Path to deconvolved OME-TIFF file

openimc.core.export_anndata(anndata_dict, output_path, combined=True)[source]

Export AnnData objects to file(s).

This is the unified export function used by both GUI and CLI.

Parameters:

  • anndata_dict (Dict[str, AnnData]) – Dictionary mapping ROI ID to AnnData object

  • output_path (Union[str, Path]) – Path to output file (if combined=True) or directory (if combined=False)

  • combined (bool) – If True, export as single combined file. If False, export separate files per ROI

Return type:

Path

Returns:

Path to exported file(s)

openimc.core.extract_features(loader, acquisitions, mask_path, output_path=None, morphological=True, intensity=True, denoise_settings=None, arcsinh=False, arcsinh_cofactor=1.0, spillover_config=None, excluded_channels=None, selected_features=None)[source]

Extract features from segmented cells.

This is the unified feature extraction function used by both GUI and CLI.

Parameters:

  • loader (Union[MCDLoader, OMETIFFLoader]) – MCDLoader or OMETIFFLoader instance

  • acquisitions (List[AcquisitionInfo]) – List of AcquisitionInfo objects to process

  • mask_path (Union[str, Path]) – Path to mask directory or single mask file

  • output_path (Union[str, Path, None]) – Optional path to save CSV (if None, features are not saved)

  • morphological (bool) – Whether to extract morphological features

  • intensity (bool) – Whether to extract intensity features

  • denoise_settings (Optional[Dict]) – Dictionary with denoise settings per channel (optional)
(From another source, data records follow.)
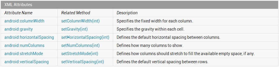 通過查看GridView的API幫助文檔(http://developer.android.com/reference/android/widget/GridView.html),可以了解到GridView的常用xml屬性如圖2所示。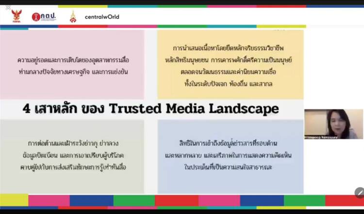 “เป้าหมายสุดท้าย โทรทัศน์อาจไม่ใช่ public sphere ภาพเดิมแบบที่เราเคยเห็น เป็นพื้นที่แห่งการสร้าง public opinion ที่เป็นเหตุเป็นผล เคารพสิทธิ์ทุกคน คนจากทุกภาคส่วนมีส่วนร่วมสร้างพื้นที่สาธารณะได้ แต่อย่างน้อยเป้าหมายที่ กสทช.ด้านกิจการโทรทัศน์มองคือทำอย่างไร ให้โทรทัศน์ที่เป็นโทรทัศน์ของประเทศเป็นพื้นที่ที่ trusted มากขึ้น เชื่อถือได้ ไว้ใจได้ เราต้องเสริมแรงในทางเศรษฐกิจให้กิจการโทรทัศน์อยู่ได้ ในขณะเดียวกันเรื่องจริยธรรม การแก้ปัญหา การเฝ้าระวัง disinformation เพิ่มการรู้เท่าทันสื่อและการส่งเสริมสิทธิของผู้ที่เกี่ยวข้องโดยเฉพาะในภาคประชาชนต่างๆ เป็นสี่เสาหลักที่เราตั้งเป้าให้โทรทัศน์ไทยได้ไปต่อและไปถึง” กสทช.ด้านกิจการโทรทัศน์ กล่าว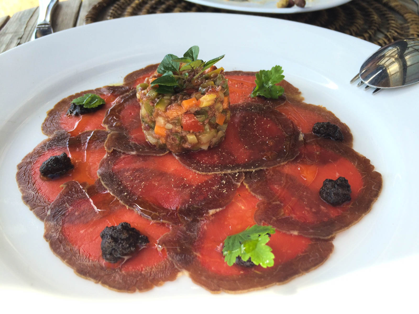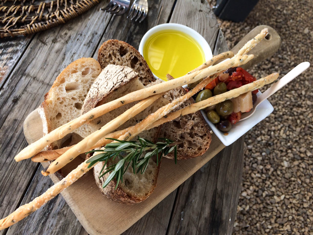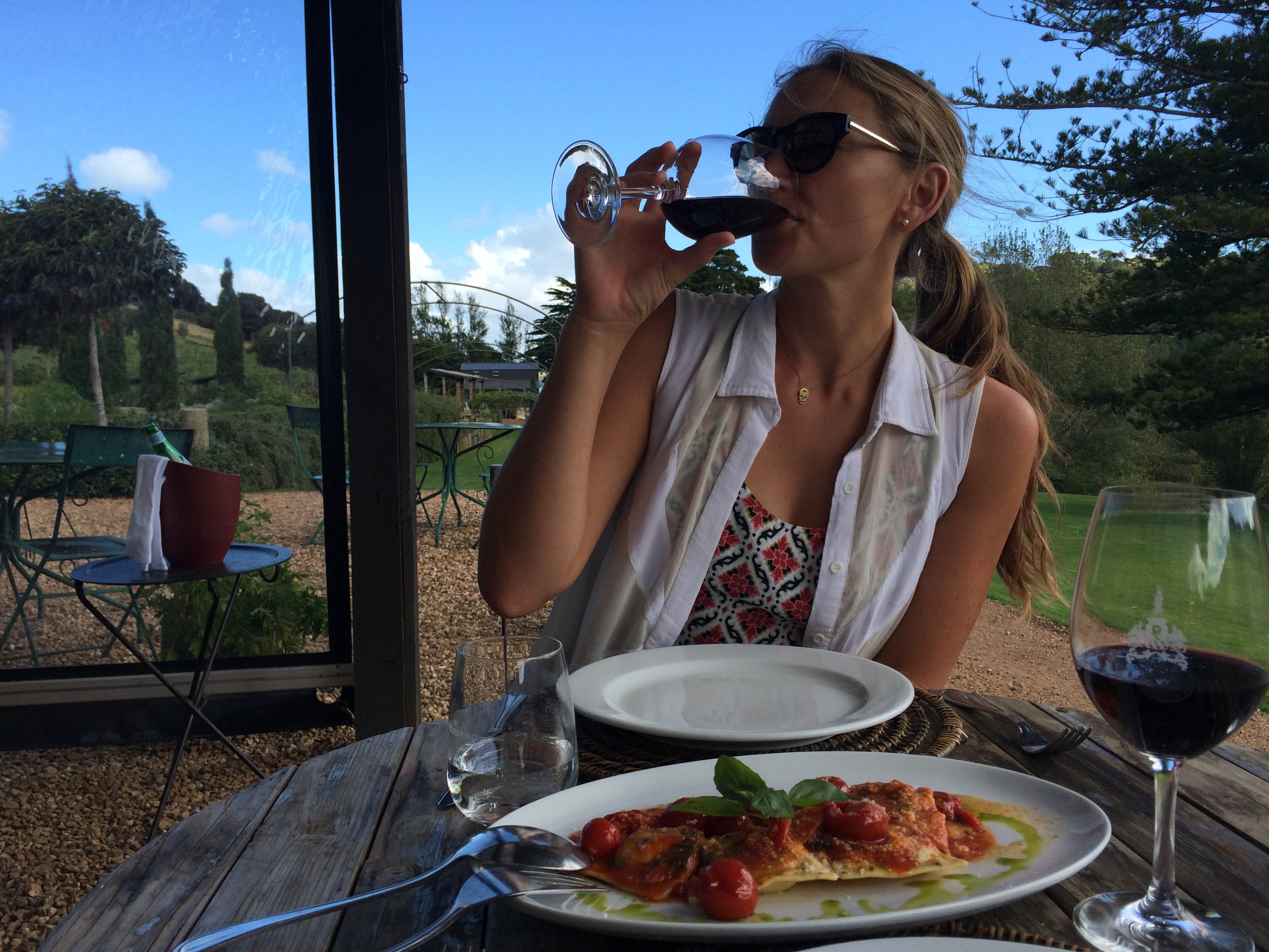 Jesse had organised a sweet pad for our stay at a place called Taraire Lodge, in Little Oneroa. It was only a 10 minute walk to the beach, the bus stop and the centre of Oneroa. Our first night was spent in a bar watching the world cup cricket final and what a win it was! The following day we decided to check out this Italian place that our mate had recommended – Poderi Crisci. And oh WOW. We were blown away by this little slice of Italy right here in NZ. Everything we ate was so fresh and tasty, the service was exceptional and friendly, the wine was delicious and the location stunning. We had a great afternoon here and it was a definite highlight of the trip. Over the next couple of day we ate at The Oyster Inn and Te Motu, they were both good but had nothing on Poderi Crisci.

  • arcsinh (bool) – Whether to apply arcsinh transformation to intensity features

  • arcsinh_cofactor (float) – Arcsinh cofactor

  • spillover_config (Optional[Dict]) – Optional spillover correction configuration

  • excluded_channels (Optional[set]) – Optional set of channel names to exclude

  • selected_features (Optional[Dict[str, bool]]) – Optional custom feature selection dict (overrides morphological/intensity)

Return type:

DataFrame

Returns:

DataFrame with extracted features

openimc.core.generate_spillover_matrix(mcd_path, donor_label_per_acq=None, cap=0.3, aggregate='median', channel_name_field='name', p_low=90.0, p_high_clip=99.9, output_path=None)[source]

Generate spillover matrix from single-stain control MCD file.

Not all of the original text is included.